BEGIN Task input
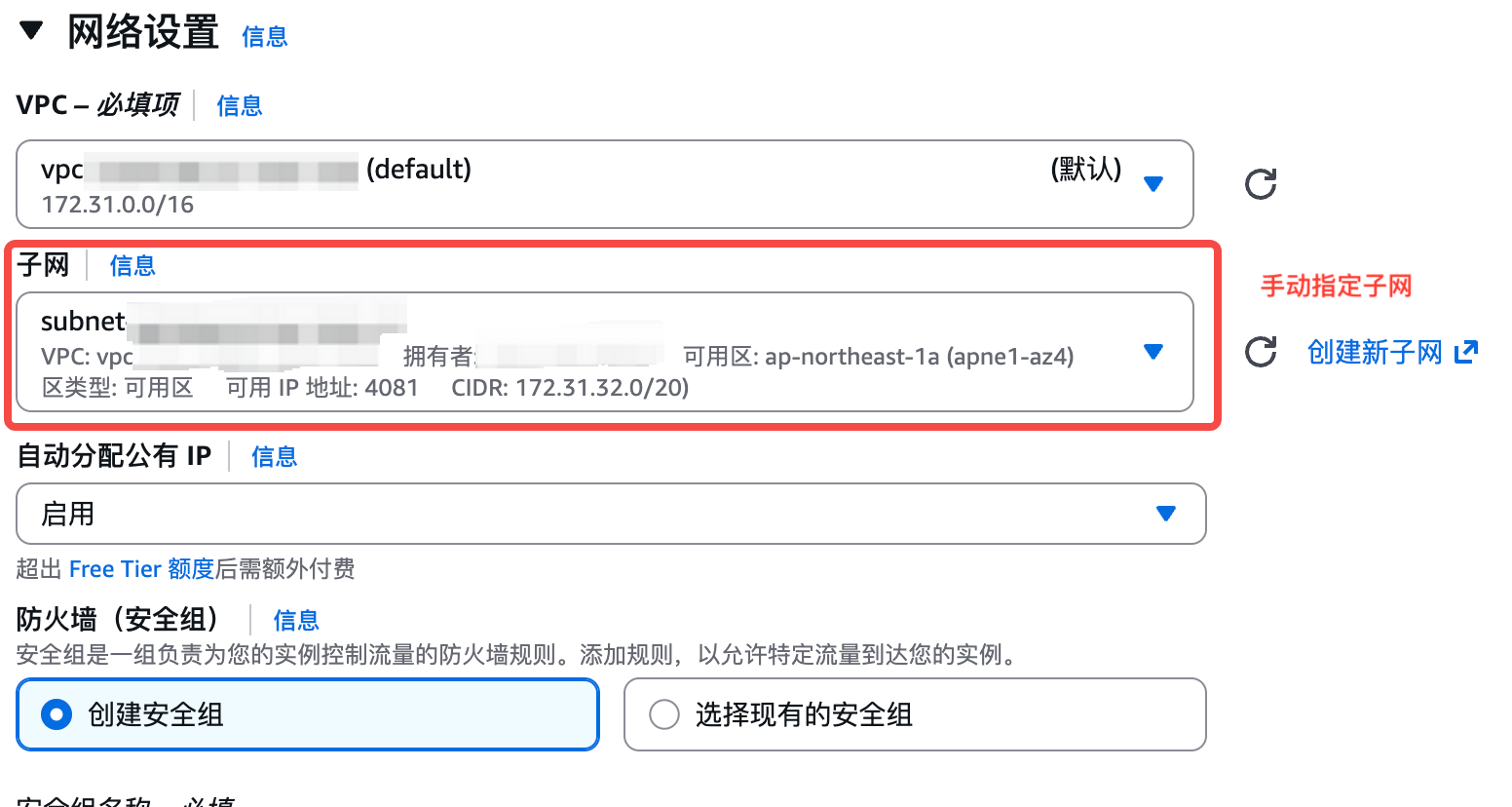 首先创建一台新的EC2,网络设置里指定特定子网(固定AZ),同时创建一个新的安全组。
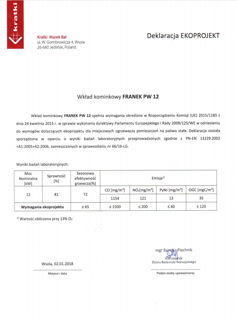 Dzięki swojej budowie oraz potrójnemu systemowi dopowietrzenia komory spalania wkład spełnia wymagania Ekoprojektu oraz normy BImSchV 2, wyznaczającej maksymalną emisję CO. Dodatkowo szczelna komora spalania sprawia, że jest on idealny do domów z rekuperatorami.
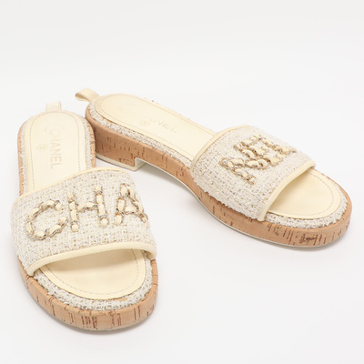 Stay comfortable throughout the day in effortless luxury with these Chanel slides. Ivory tweed stretches across the strap, while the cork style platform grounds the design in relaxed warmth. A gold tone chain intertwined with leather forms the logo at the front, hinting at the brand’s heritage and craftsmanship.
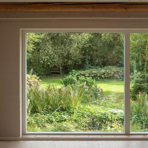 En af de helt særlige kvaliteter ved huset var haven. Samspillet mellem ude og inde har været vigtigt at forstærke ved at åbne op i planen og facaden, og haven bliver derfor tilstedeværende fra hele huset, hvilket skaber en helt særlig oplevelse og ro.
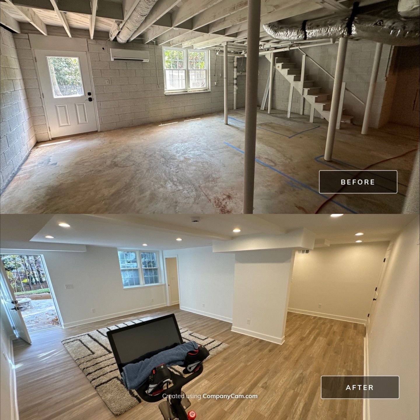 This Dunwoody, Georgia project focused on turning an unfinished basement into a fully livable, functional space that adds both comfort and value to the home. What was once bare concrete, exposed framing, and unused square footage is now a clean, finished environment designed for everyday use — whether that’s entertaining, relaxing, or creating additional living quarters.
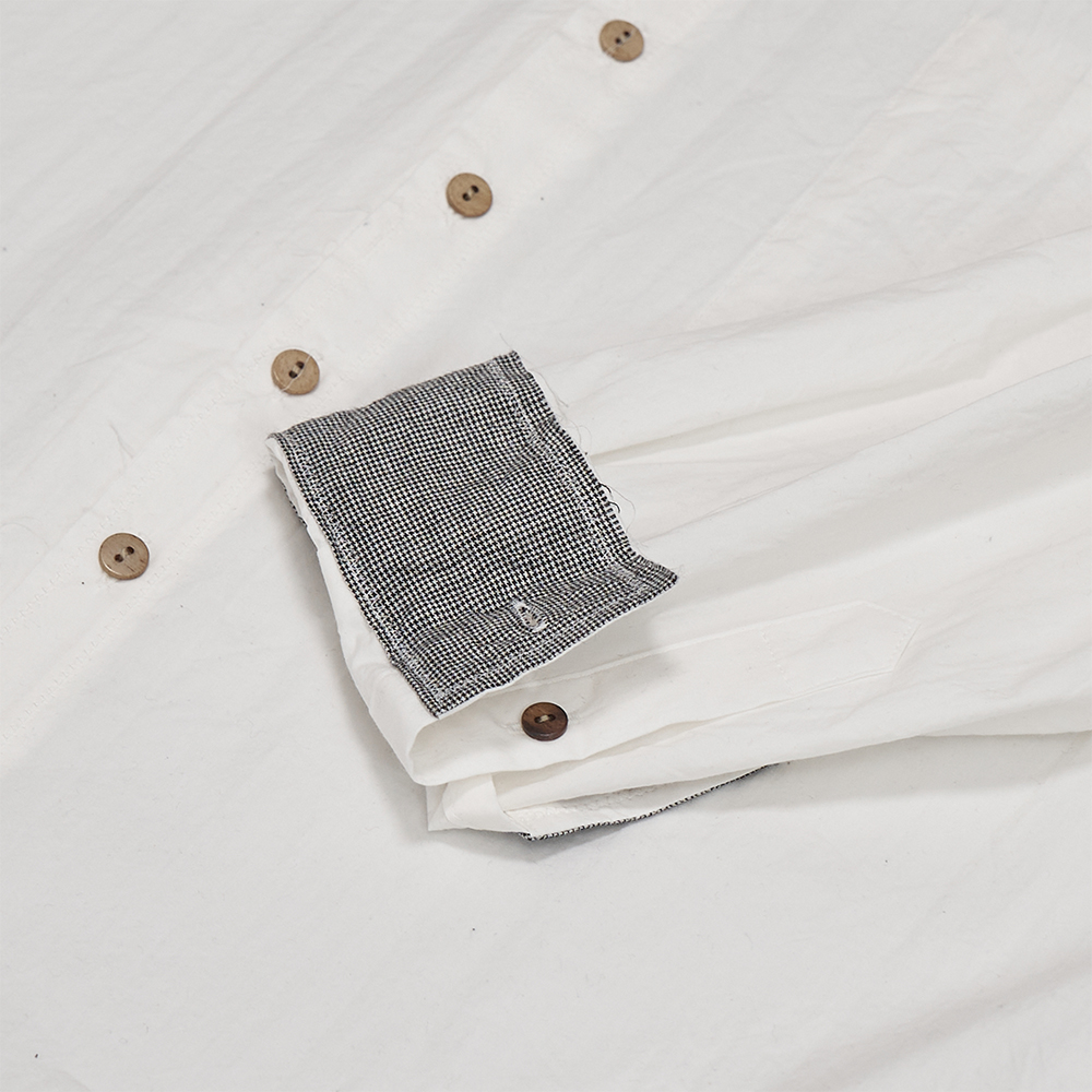 また、胸ポケットは内側に付きます。袖裏にはマイクロハウンドトゥース柄を配して、袖裏の汚れを目立たなくすることや袖捲りした際のアクセントとして活用できる仕様です。
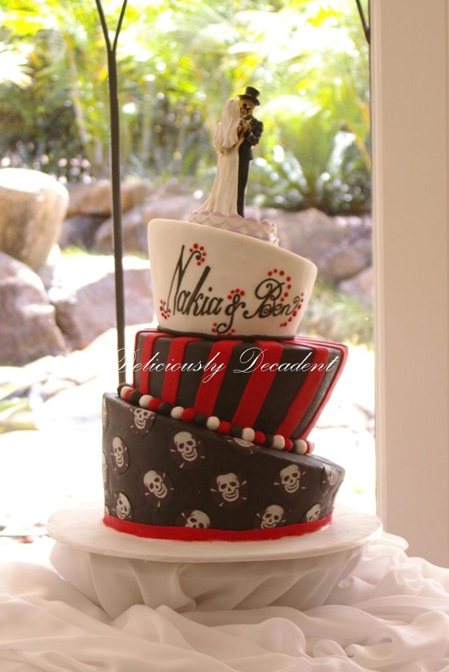 gothic wedding topsy turvey in 11"9"7" tiers in strawberry mud top tier is fondant with names drawn with edible marker middle tier all fondant base tier is fondant with edible images of skulls. the topper was a complete nightmare to attach it was really heavy, it is 2 skeletons, bride and groom, licking each others faces with the inscription love never dies, this was so fun!!!
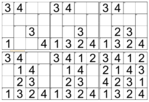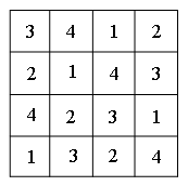 【解析】先把标有4的行列填好,再把标有1的行列填好,再把标有3的行列填好,最后填好剩余空格即可.
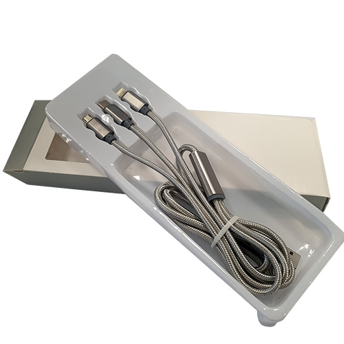 The TAUS 3-in-1 USB cable for charging various devices has three connectors: micro USB, Lightning (iPhone) and USB Type-C. The cable is fabric-coated and the USB connectors are made of metal. A practical gadget for every mobile device user.
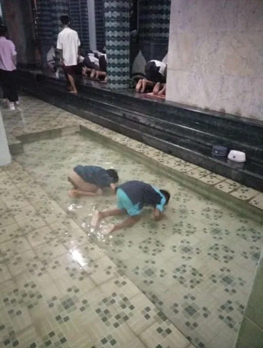 Adapun pada gambar diatas terdapat gambar lucu dua orang anak dalam kubangan air di tempat wudhu mesjid dengan fose seolah sujud. Mimin pikir gambar diatas mengandung humor yang menggelak tawa. Namun mereka tak seharusnya melakukan tindakan konyol tersebut.
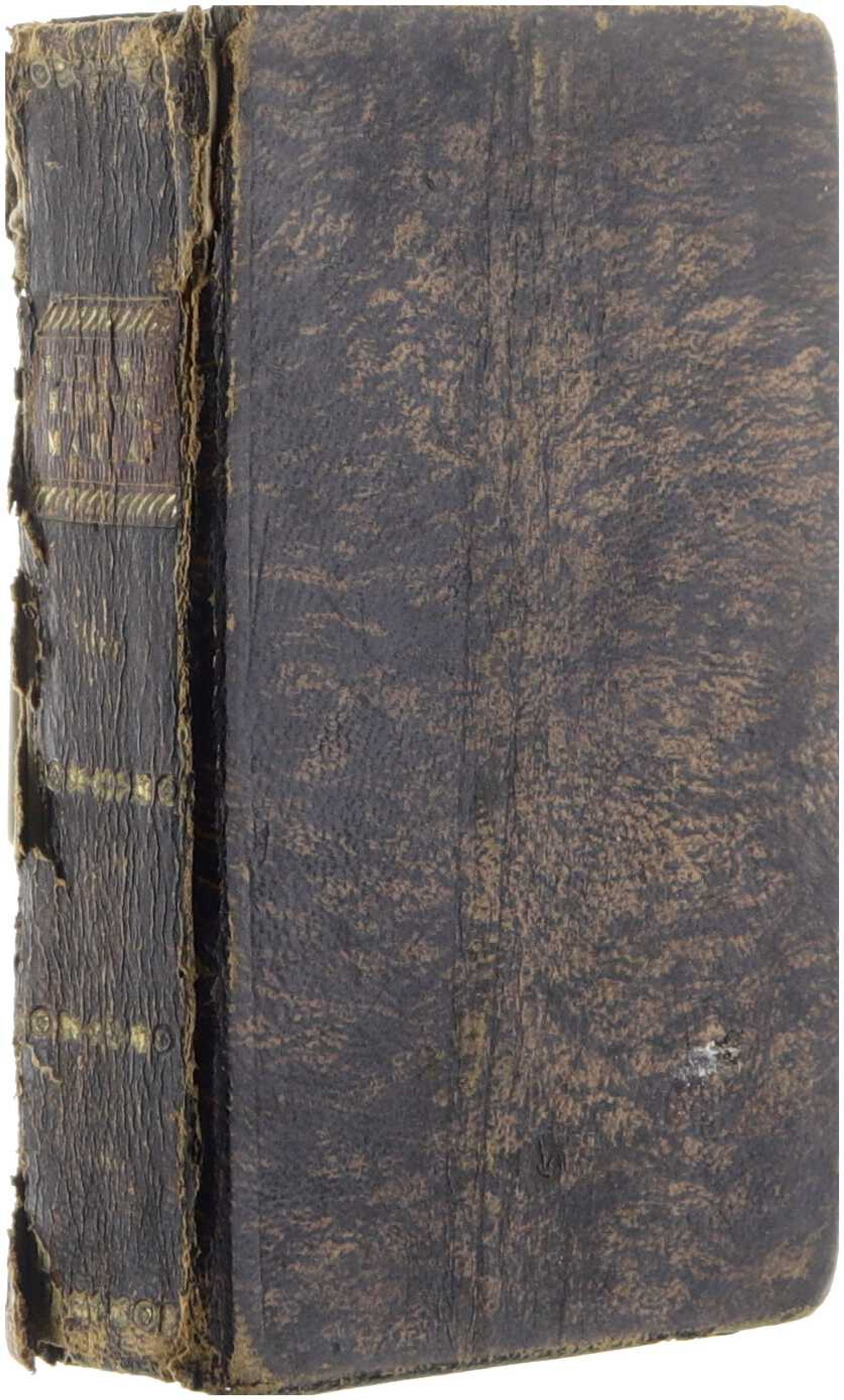 Lederen band, rug los van voor-en achterplat. Voorste schutblad gescheurd. Handgeschreven gebed op achterste schutblad. Frontispice
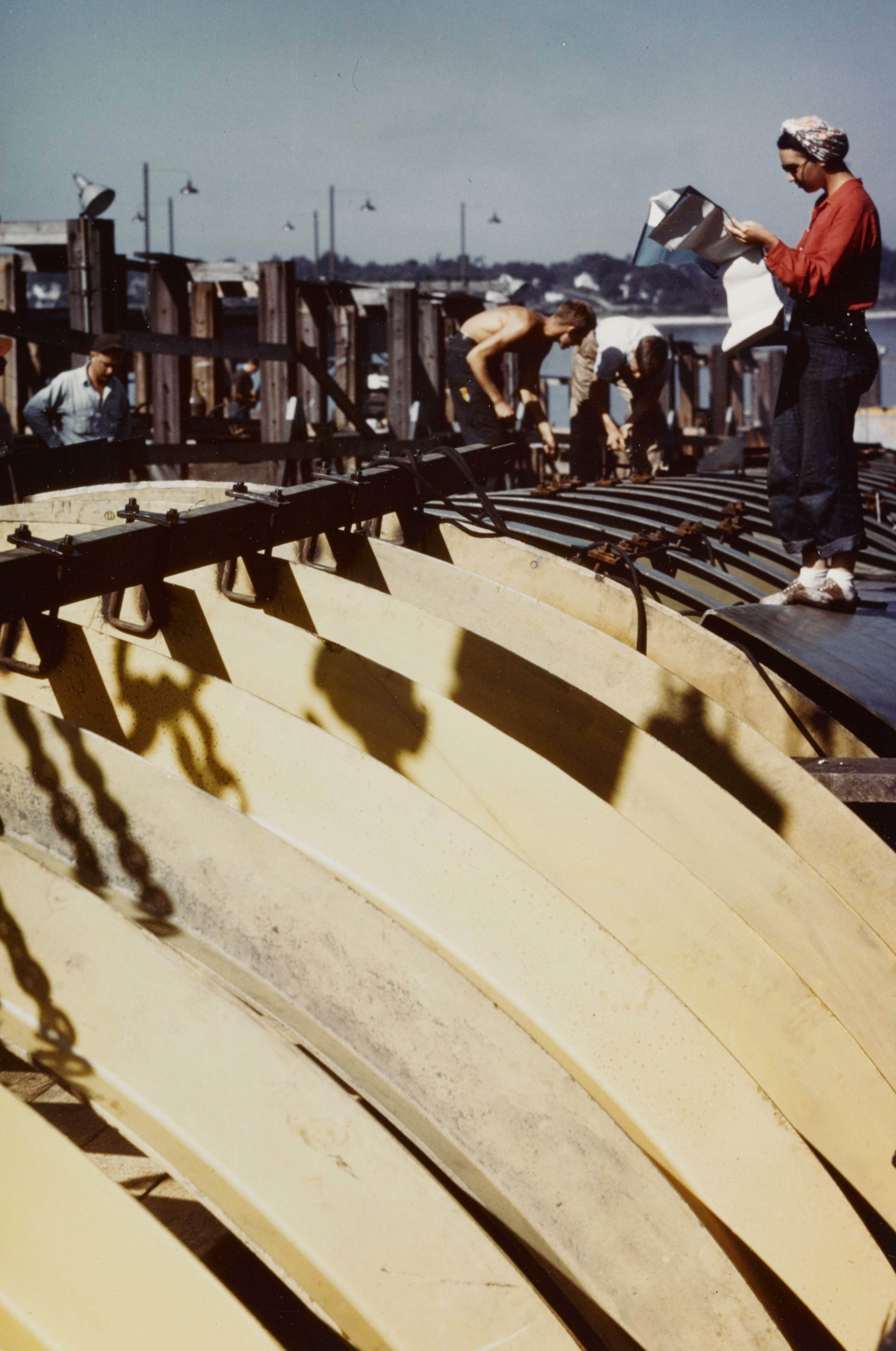 ![]() 0832410 | 1.19k | A woman shipyard worker studies a blueprint atop the hull frames of Blenny (SS-324), circa summer 1943. | Photographed by Commander Edward Steichen, USNR. USN photo # 80-G-K-15065 courtesy of Naval History and Heritage Command |
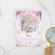O design apresenta cores pastéis como lavanda, menta e rosa bebê, adornado com flores de wisteria suaves e borboletas divertidas. Esses elementos criam um sentimento suave e mágico. O convite apresenta as palavras "obrigado" em letra de glitter dourado brilhante, adicionando um toque de brilho e diversão. Este design simples, mas encantador, é perfeito para uma celebração de aniversário alegre como 1º aniversário, 7º aniversário e mais.
END Task input
The problem - A clean copy is needed of the lines in the listing above from the one with "Lederen band, rug" through the one with "Heritage Command |", exact in every word and free of pictures.

Task result -
 Lederen band, rug los van voor-en achterplat. Voorste schutblad gescheurd. Handgeschreven gebed op achterste schutblad. Frontispice
 ![]() 0832410 | 1.19k | A woman shipyard worker studies a blueprint atop the hull frames of Blenny (SS-324), circa summer 1943. | Photographed by Commander Edward Steichen, USNR. USN photo # 80-G-K-15065 courtesy of Naval History and Heritage Command |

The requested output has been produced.